Josefina Martinez
Department of Economics
University of Colorado
$TITLE Model M1_8S: Closed 2x2 Economy -- Stone Geary (LES) Preferences
$ontext
The benchmark data is identical to problem M1_1:
Production Sectors Consumers
Markets | X Y W | CONS
------------------------------------------------------
PX | 100 -100 |
PY | 100 -100 |
PW | 200 | -200
PL | -40 -60 | 100
PK | -60 -40 | 100
------------------------------------------------------
We want to produce a benchmark in which the income elasticity
of demand for X equals 0.75.
$offtext
* Declare GAMS parameters which we will use in model
* specification. XBAR will be used in exercise (1) and
* SIGMA in exercise (3).
SCALAR ENDOW Economy factor endowment index /1/
XBAR Minimum consumption level /40/
SIGMA Elasticity of substitution /1/;
$ONTEXT
$MODEL:M1_8S
$SECTORS:
X ! Activity level for sector X
Y ! Activity level for sector Y
W ! Activity level for sector W (Hicksian welfare index)
$COMMODITIES:
PX ! Price index for commodity X
PY ! Price index for commodity Y
PL ! Price index for primary factor L
PK ! Price index for primary factor K
PW ! Price index for welfare (expenditure function)
$CONSUMERS:
CONS ! Income level for consumer CONS
$PROD:X s:1
O:PX Q:100
I:PL Q: 40
I:PK Q: 60
$PROD:Y s:1
O:PY Q:100
I:PL Q: 60
I:PK Q: 40
$PROD:W s:SIGMA
O:PW Q:160
I:PX Q: 60
I:PY Q:100
$DEMAND:CONS
D:PW Q:160
E:PL Q:(100*ENDOW)
E:PK Q:(100*ENDOW)
E:PX Q:(-XBAR)
$OFFTEXT
$SYSINCLUDE mpsgeset M1_8S
* Benchmark replication:
M1_8S.ITERLIM = 0;
$INCLUDE M1_8S.GEN
SOLVE M1_8S USING MCP;
M1_8S.ITERLIM = 2000;
* Counterfactual: double the factor endowment.
ENDOW = 2;
$INCLUDE M1_8S.GEN
SOLVE M1_8S USING MCP;
*------------------------------------------------------------------------
* EXERCISE (1). Modify the program to read the income
* elasticity of demand for good X. --The program was modified
* in the $DEMAND:CONS block with XBAR in the Q:field associated
* with PX.
* Compute the subsistence demand and automatically calibrate
* the model.
$ontext
Begin with a utility function of the form:
U(X,Y) = a ln(X - X*) + (1-a) ln(Y)
where X* is a "minimum consumption level"

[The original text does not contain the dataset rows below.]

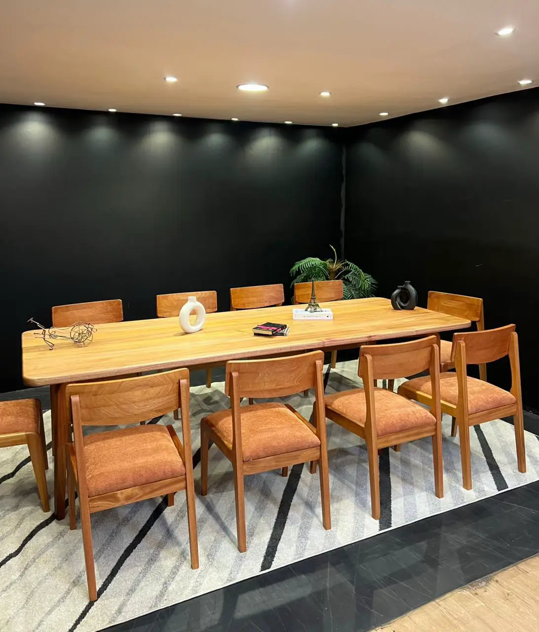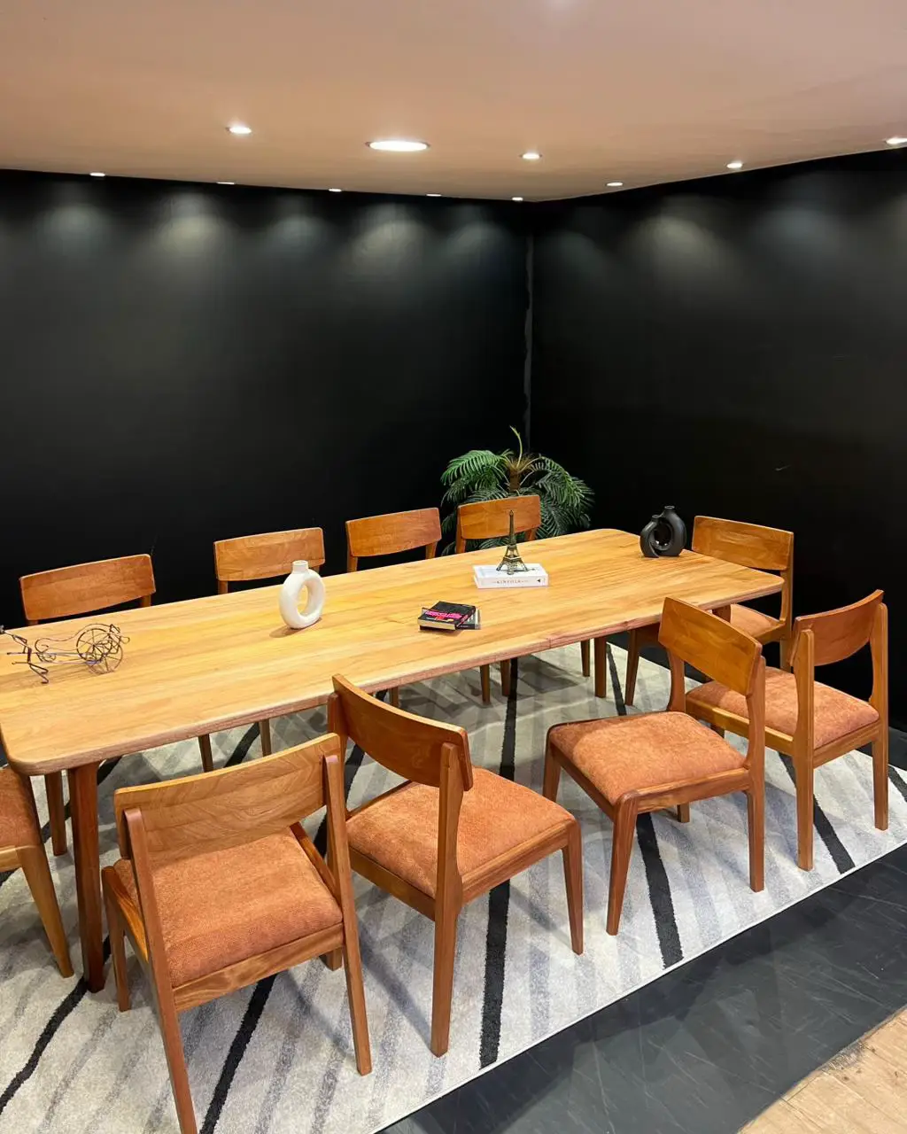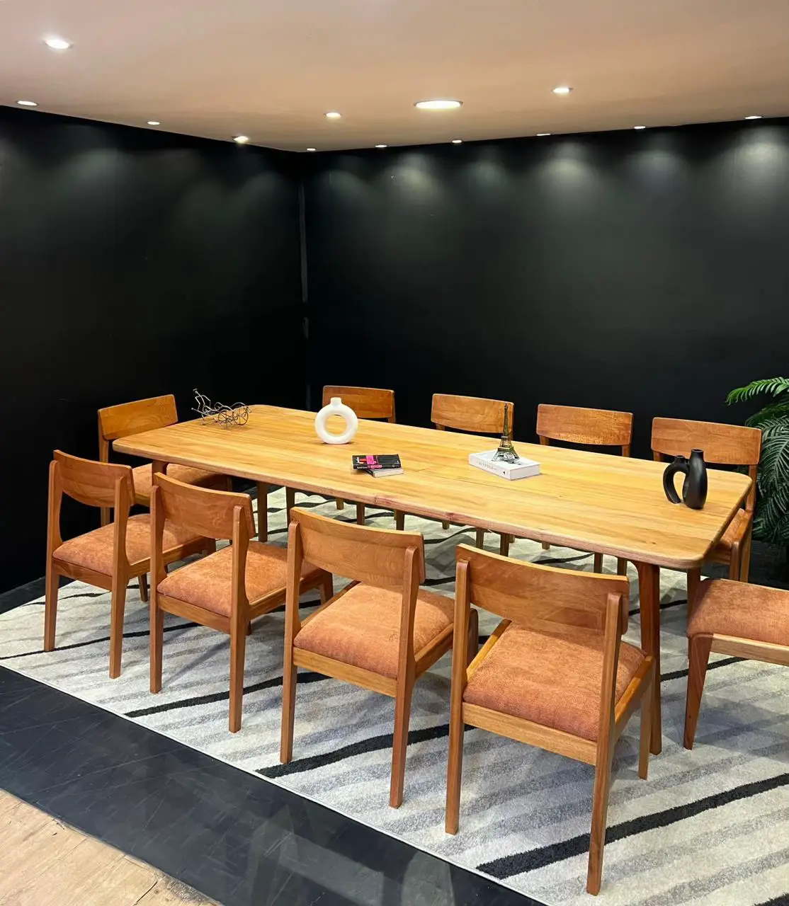 Spacious 8 seater wooden dining table set with upholstered chairs. Perfect for family dining and Airbnb spaces.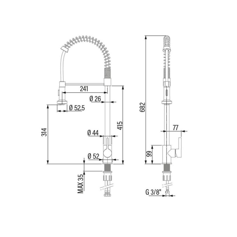 Grifo de cocina monomando Caño extraible - Tipo Semi profesional Latón - Caño alto Cartucho cerámico Apertura en frío Caño giratorio 360° Acero Inoxidable 304 Mando tipo tirador en el lateral derecho Estilo pescadera Función Ducha Aireador anticalcáreo con Reductor de caudal a 5,7l/min Acabado Cromado Conexiones flexibles M10x1x3/8 en Acero Inoxidable certificadas Dimensiones del grifo: Altura 682 mm / Altura de caída agua: 314 mm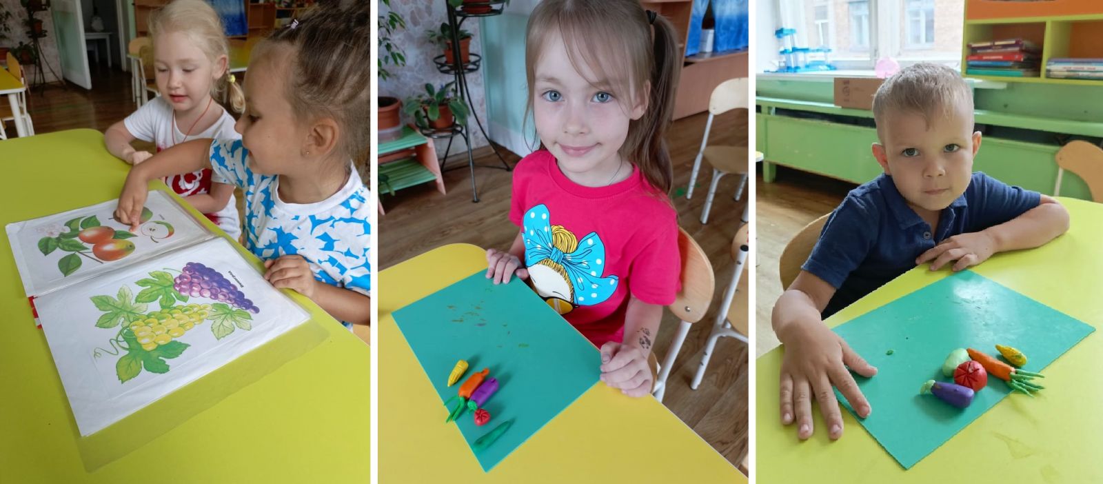 Воспитатели группы проводили с детьми дидактические и развивающие игры: «Собери картинку», «Какое насекомое летает (прыгает, ползает)», «Съедобное, несъедобное», лото «Фрукты», «Ягоды», «С какого дерева листочек» и мн. др. Также рассматривали наглядно-дидактический материал: «Фрукты», «Ягоды»,«Деревья». Провели беседу: «Что поспевает летом?».

Demand function for X is given by:
a (I - PX X*)
X = X* + -------------
PX
in which I is income and PX is the price of X.
The income share of good X is then:
PX X (a I + (1-a) PX X*)
---- = -------------------- ,
I I
and the income elasticity of demand is given by:
I d X a I
--- --- = ----------------- .
X d I a I + (1-a) PX X*
Knowing the share from the data and the chosen income
elasticity, we can solve for X*/I (with PX=1). This level
of X* is then specified as a negative endowment for the
consumer, and (X - X*) is the value used in specifying the
utility function.
The income elasticity of demand (IES) can be written as follows:
IES = a * (1/Sharex)
Solve for a:
a = IES * Sharex
Then the minimum consumption level of X is:
X* = I * (Sharex - a) / (1-a)
Or substituting the expression for a:
X* = I * (Sharex - IES*Sharex) / (1 - IES*Sharex)
$offtext
PARAMETER IES Income elasticity of demand of good X
I Total Consumer Income
X0 Supply of good X at benchmark
Sharex Income share of good X
a Value share of (X - X*) in consumption
CIES Calibrated income elasticity of demand;
* The value of the parameters at benchmark is:
IES = 0.75;
I = 200;
X0 = 100;
ENDOW = 1;
* Compute the minimum consumption of X (XBAR):
Sharex = X0/I;
a = IES * Sharex;
XBAR = I * (Sharex - a) / (1-a);
DISPLAY "Minimum Consumption --Cobb Douglas utility function", XBAR;
$INCLUDE M1_8S.GEN
SOLVE M1_8S USING MCP;
* Check the income elasticity of demand -- where I is the level
* of the variable CONS plus the value of the minimum consumption.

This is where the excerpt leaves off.